**WHAT YOU ARE ASKED TO DO**
Your job is to give again, exactly and with no additions, the lines in the records below from the one with "ANAホテル 左に見えるカフェレストラン コージーも終日全席禁煙。" through the one with "お庭の敷地境界にメッシュフェ", both included. Omit the pictures.

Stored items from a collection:
━━━━━━━━━━

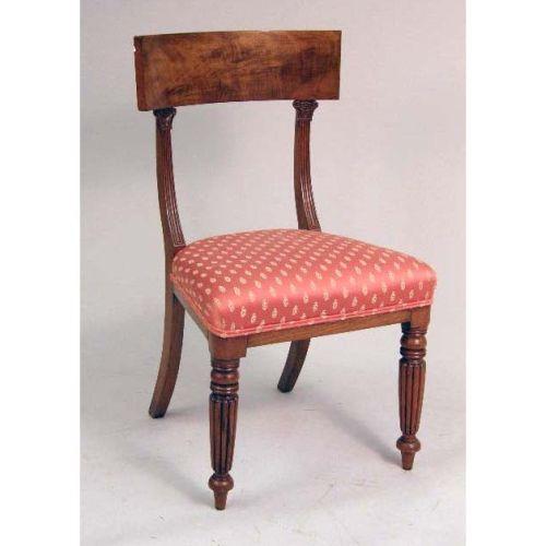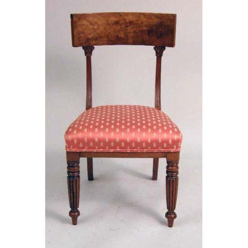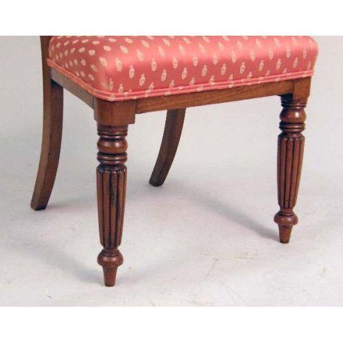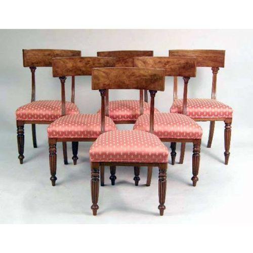 A SET OF SIX WILLIAM IV MAHOGANY DINING CHAIRS<BR><BR>Each with a dished top rail on molded uprights, the upholstered seat raised on turned tapered reeded legs
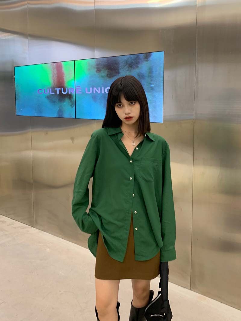 辫子时 森林绿色雾霾蓝宽松简约后开叉设计天丝衬衫热门设计联盟服务商
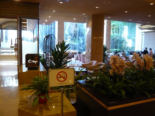ANAホテル 左に見えるカフェレストラン コージーも終日全席禁煙。 右側に広がるティー&カクテル コトラウンジも終日全席禁煙。 |
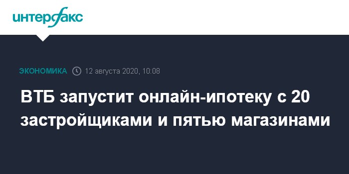 ВТБ запустит онлайн-ипотеку с 20 застройщиками и пятью магазинами
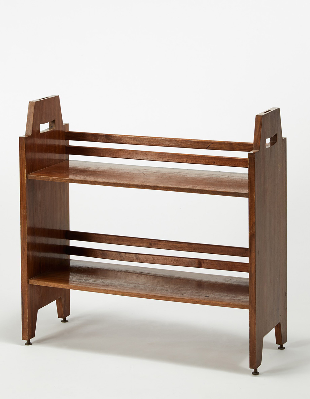 Ignazio Gardella (Milano 1905 - Oleggio 1999) Elemento della libreria modulare ad elementi sovrapponibili a pressione. Esecuzione Azucena 1948. Due ripiani con montanti sagomati e dorsale a giorno in legno di noce. Piedini in ottone. (cm 70x69,5x27,5) (difetti) Bibliografia: Libreria ad elementi, in "Domus", n. 282, maggio 1953, s.p.; I. de Guttry, Il mobile italiano degli anni ?'40 e ?'50, Laterza, Roma-Bari 1992, p. 178, fig. 6
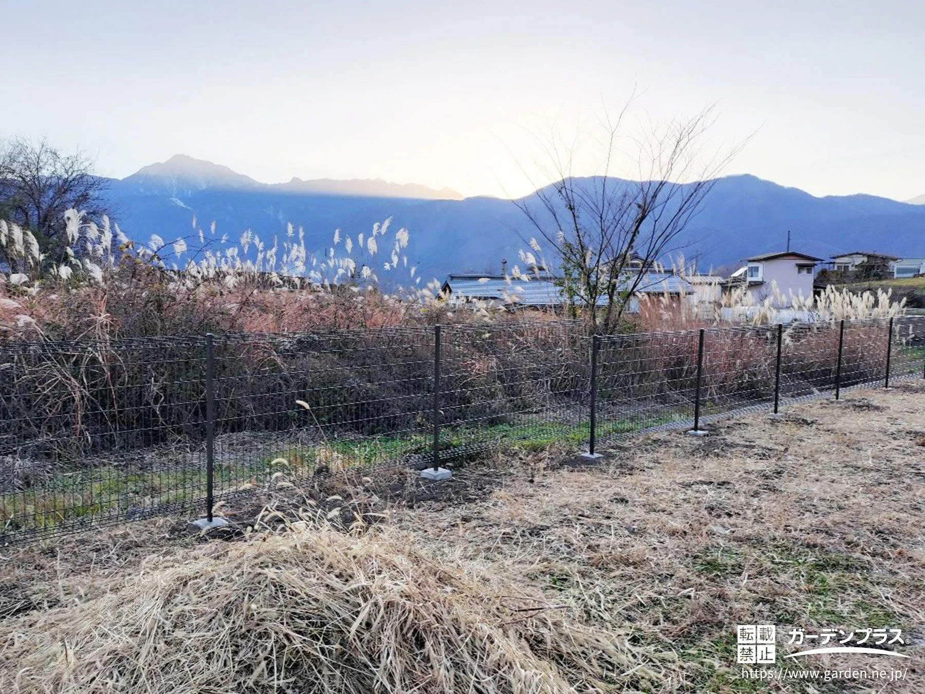 お庭の敷地境界にメッシュフェンスを設置しました。風通し良く、圧迫感を与えずに境界を明確化しています。
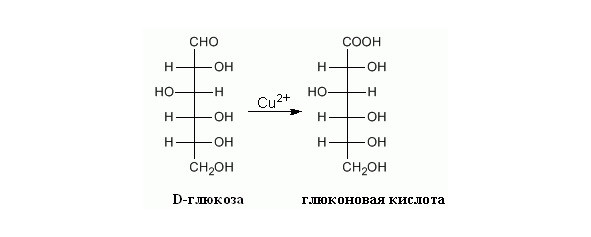 Мягкое окисление до альдоновых кислот. В горячих щелочных растворах моносахариды реагируют с некоторыми окисляющими агентами, такими, как Cu2+, Ag+ и Fe (CN)-, давая смесь продуктов окисления углевода и изменяя окраску окисляющего агента (Рисунок 11). В данных условиях окисляется альдегидная или кетонная группа. Эти окислительно-восстановительные реакции используются как тесты на восстанавливающие сахара, т. е. на углеводы с незамещенным аномерным альдегидным атомом углерода. D-Глюконовая кислота образуется в виде соли при взаимодействии D-глюкозы с гипоиодитами в щелочной среде. Эта реакция специфична для альдоз и используется для того, чтобы отличить их от кетоз.
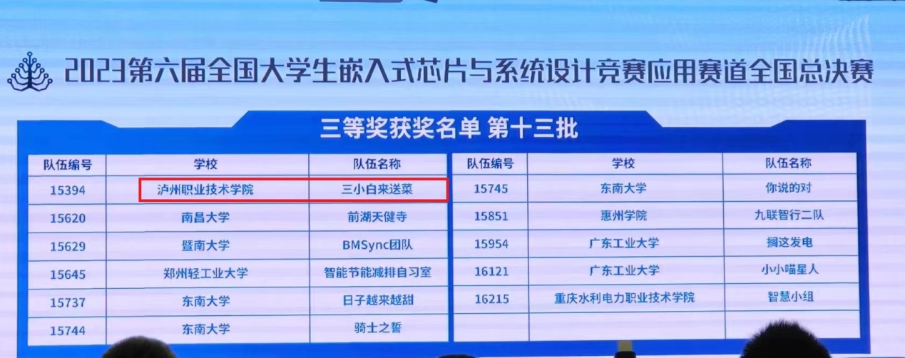 该项赛事由中国电子学会主办,自2021年起纳入全国普通高校老员工竞赛排行榜,受到电子类专业师生的广泛关注。此次总决赛超过470支队伍,专科队伍不到2%,公司进入决赛的两只队伍都取得优异成绩,唐玉兵、许湘扬老师指导的刘江、郭旭、黄庆组获得国赛二等奖,樊明哲、尹小田老师指导的易袁、周祥军、王兴飞获得国赛三等奖。决赛期间,员工通过嵌入式技术专业人才认证考试,获得中国电子学会颁发的嵌入式系统开发及应用专业技术证书。
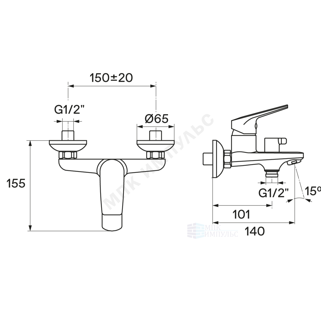 Смеситель для ванны с душем одноручный хром Кант Santek WH5A10002C001
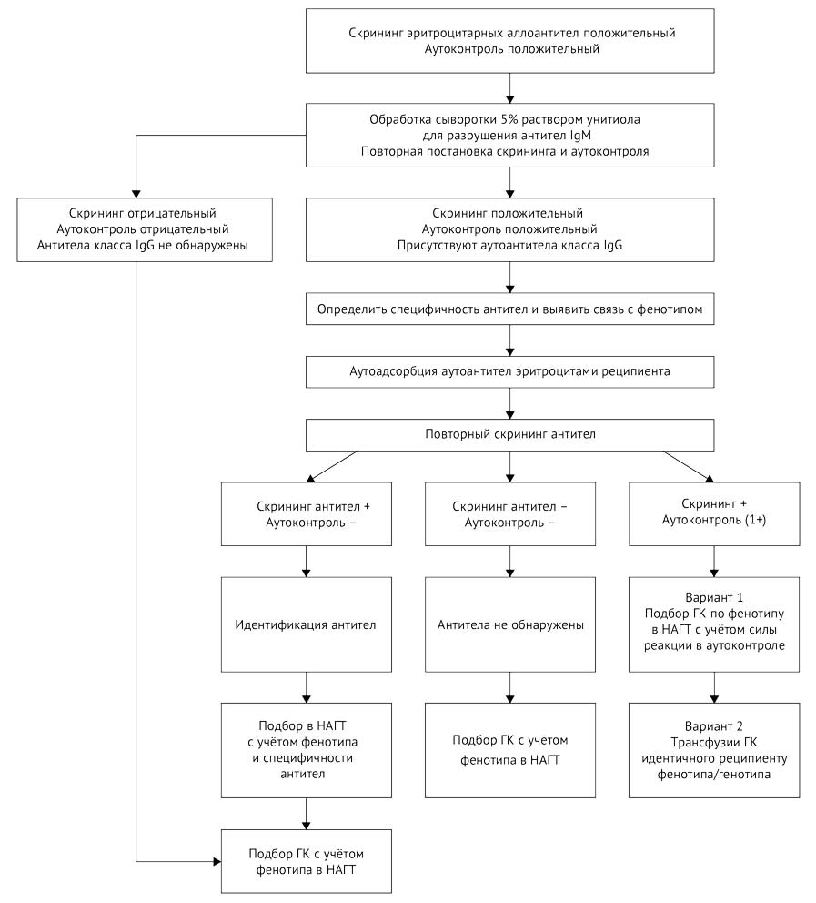 Рис. 1. Алгоритм определения антиэритроцитарных аллоантител при положительном результате скрининга и положительном аутоконтроле; Ig — иммуноглобулин; НАГТ — непрямой антиглобулиновый тест; ГК — гемокомпоненты
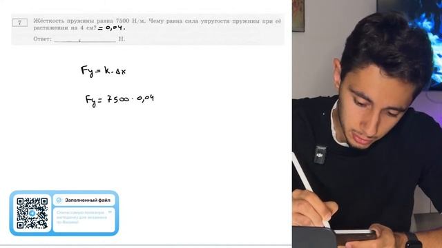 Жёсткость пружины равно 7500 Н/м. Чему равна сила упругости пружины при её растяжении на - №20007
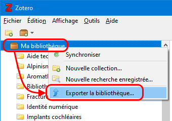 Dans certains cas particuliers, il se peut que vous ayez besoin d’exporter tout ou partie de votre bibliothèque Zotero dans un fichier externe.
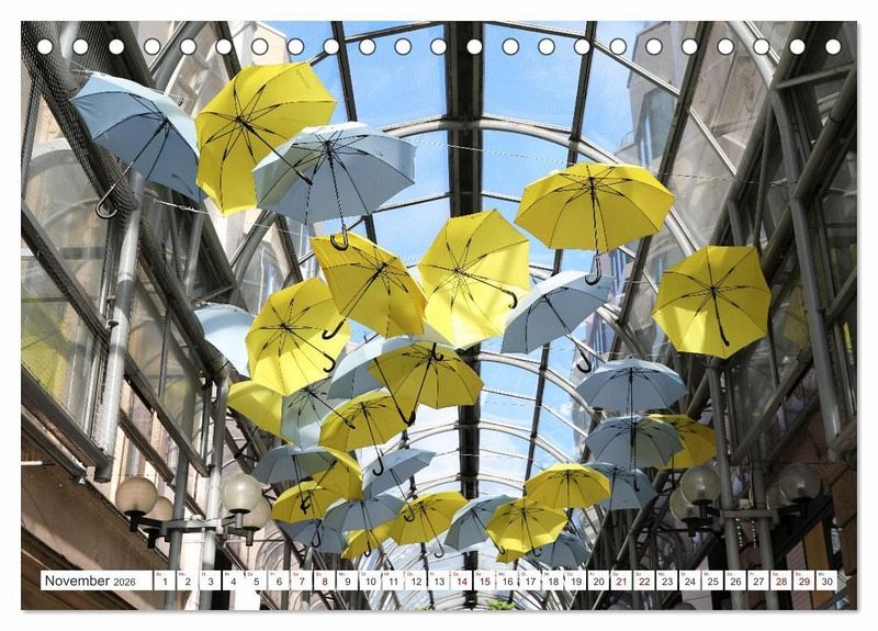 Es begann mit farbenfrohen Schirmen in Südeuropa und erfreut inzwischen immer mehr Besucher und Einwohner vieler Städte weltweit. Die fröhlichen Umbrella Skies schützen vor Sonne oder Regen und spenden viel Lebensfreude für ihre Betrachter. Dieser Kalender zeigt die bunten, fröhlichen Schirme verschiedenster Städte und ist jeden Monat ein Gute-Laune-Garant.

━━━━━━━━━━

**EXERCISE ANSWER**
ANAホテル 左に見えるカフェレストラン コージーも終日全席禁煙。 右側に広がるティー&カクテル コトラウンジも終日全席禁煙。 |
 ВТБ запустит онлайн-ипотеку с 20 застройщиками и пятью магазинами
 Ignazio Gardella (Milano 1905 - Oleggio 1999) Elemento della libreria modulare ad elementi sovrapponibili a pressione. Esecuzione Azucena 1948. Due ripiani con montanti sagomati e dorsale a giorno in legno di noce. Piedini in ottone. (cm 70x69,5x27,5) (difetti) Bibliografia: Libreria ad elementi, in "Domus", n. 282, maggio 1953, s.p.; I. de Guttry, Il mobile italiano degli anni ?'40 e ?'50, Laterza, Roma-Bari 1992, p. 178, fig. 6
 お庭の敷地境界にメッシュフェンスを設置しました。風通し良く、圧迫感を与えずに境界を明確化しています。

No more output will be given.